Connie Egan is a Northern Irish politician who is an Alliance Party Member of the Legislative Assembly (MLA). She was elected as an MLA in the 2022 Northern Ireland Assembly election for North Down.

== Political career ==
=== Early career (2019-2022) ===
Egan was elected as an Alliance Party Councillor for Bangor West DEA in Ards and North Down Borough Council in the 2019 local elections. She topped the poll with 20.16% of the vote and gained a seat at the expense of the DUP. She was the youngest woman elected ever to the council.

Previously, she was employed as Constituency and Research Officer to Chair of the Assembly Education Committee, Alliance MLA Chris Lyttle.

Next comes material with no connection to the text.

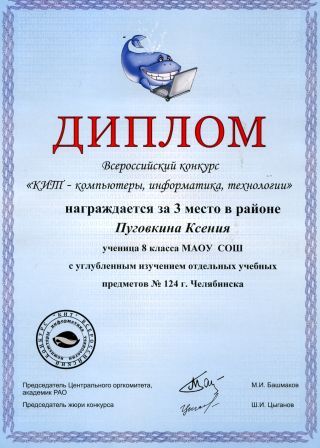 В конкурсе «Кит — компьютеры, информатика, технологии» 24 ноября 2011 года приняли участие 110 учащихся нашей школы.

=== Member of the Legislative Assembly (2022-) ===
Connie Egan ran alongside Andrew Muir, who had been co-opted into the Assembly in December 2019 to replace Stephen Farry, as an Alliance candidate for the 2022 Assembly election in North Down. She polled 5,224 FPVs as Alliance increased their vote in the constituency by 10.3%. She was elected on the 9th stage, taking a seat from the Green Party's Rachel Woods. This, combined with the loss of Clare Bailey in Belfast South, left the Greens with no representation in the Assembly.

== Personal life ==
She is a member of Amnesty International and is a Governor of Trinity Nursery School Bangor.